UK says it has a plan to keep the planes flying for Brexit

UK says it has a plan to keep the planes flying for Brexit

Britain’s Civil Aviation Authority is stepping up efforts to ensure that airlines and aerospace companies can carry on functioning in the event of a no-deal Brexit.

The regulator has briefed government officials on its plans to recruit staff with the expertise to take over the certification of parts and planes should the split cause Britain to leave the European Aviation Safety Agency (Easa), which is currently responsible for such approvals.

Up to 20 airworthiness engineers are being sought and steps are being taken to estimate the potential workload, CAA policy director Tim Johnson told the UK Business Department.

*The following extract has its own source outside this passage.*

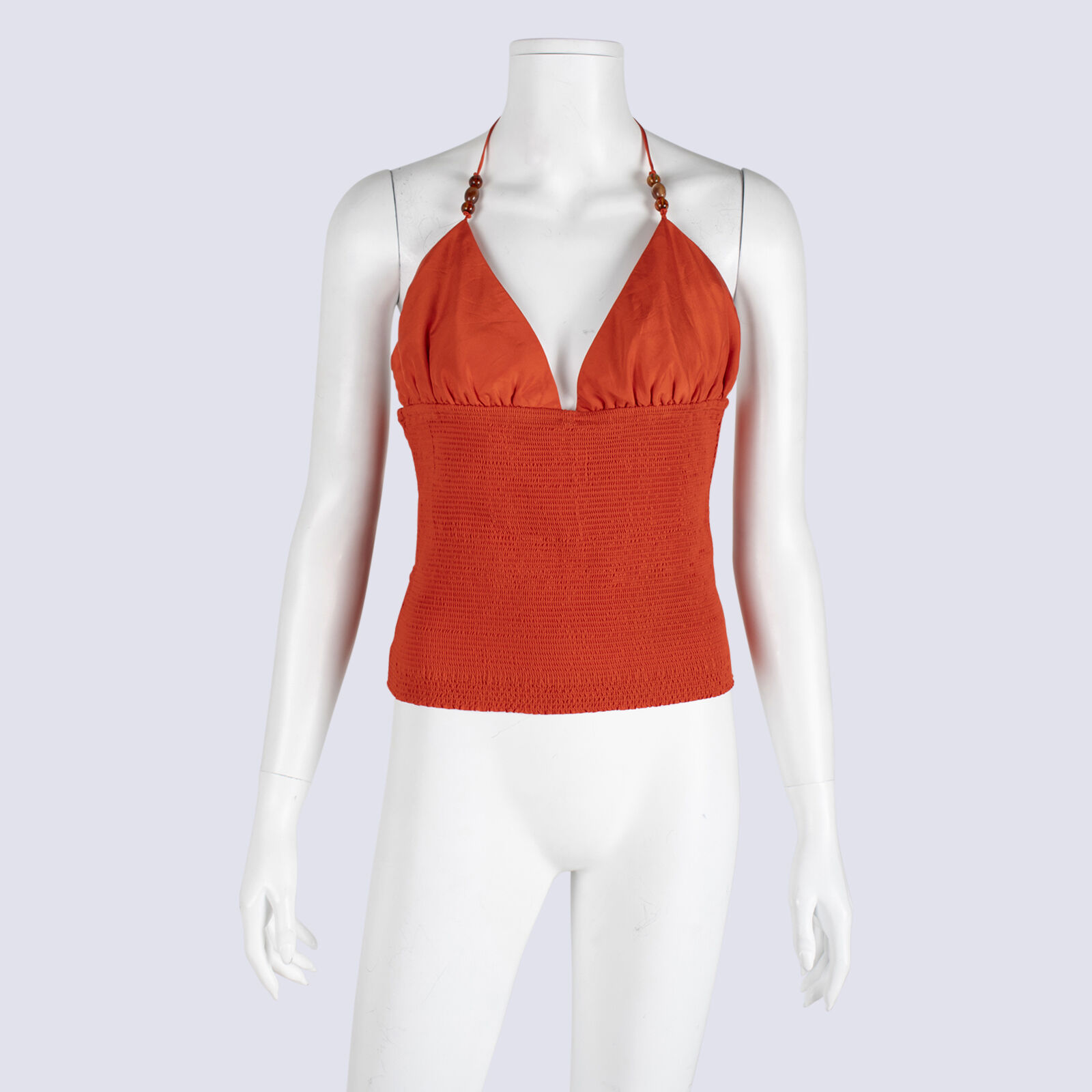 Husk Orange Silk Ruched Halterneck Top

The aim is to establish UK capability before March’s split from the EU. Airlines and manufacturers such as Airbus, which now owns the Bombardier plant in Belfast, are concerned a hard Brexit would leave jetliners and components without the required approvals.

Mr Johnson said there have been no direct discussions with Easa on no-deal contingency planning, and that the continuation of the status quo remains preferable for both the CAA and the government.

UK Prime Minister Theresa May is under pressure to show that she’s ready to walk away from Brexit talks and opt for a no-deal split if EU negotiators reject the so-called Chequers Plan thrashed out at her country retreat in July.

That’s led to the publication of a tranche of documents advising UK businesses on how to prepare for the possibility of talks collapsing, with more to come.

The so-called Basas, which enable mutual recognition of certification, are currently structured with Easa. The aviation sector is anxious new accords be put in place from the point Britain quits the EU to avoid any question of flights being unable to operate, he said.

Jet-engines giant Rolls-Royce in July moved the approvals process for its products to a business-jet facility in Germany. The shift will allow Rolls to continue to get endorsements for its engines from Easa.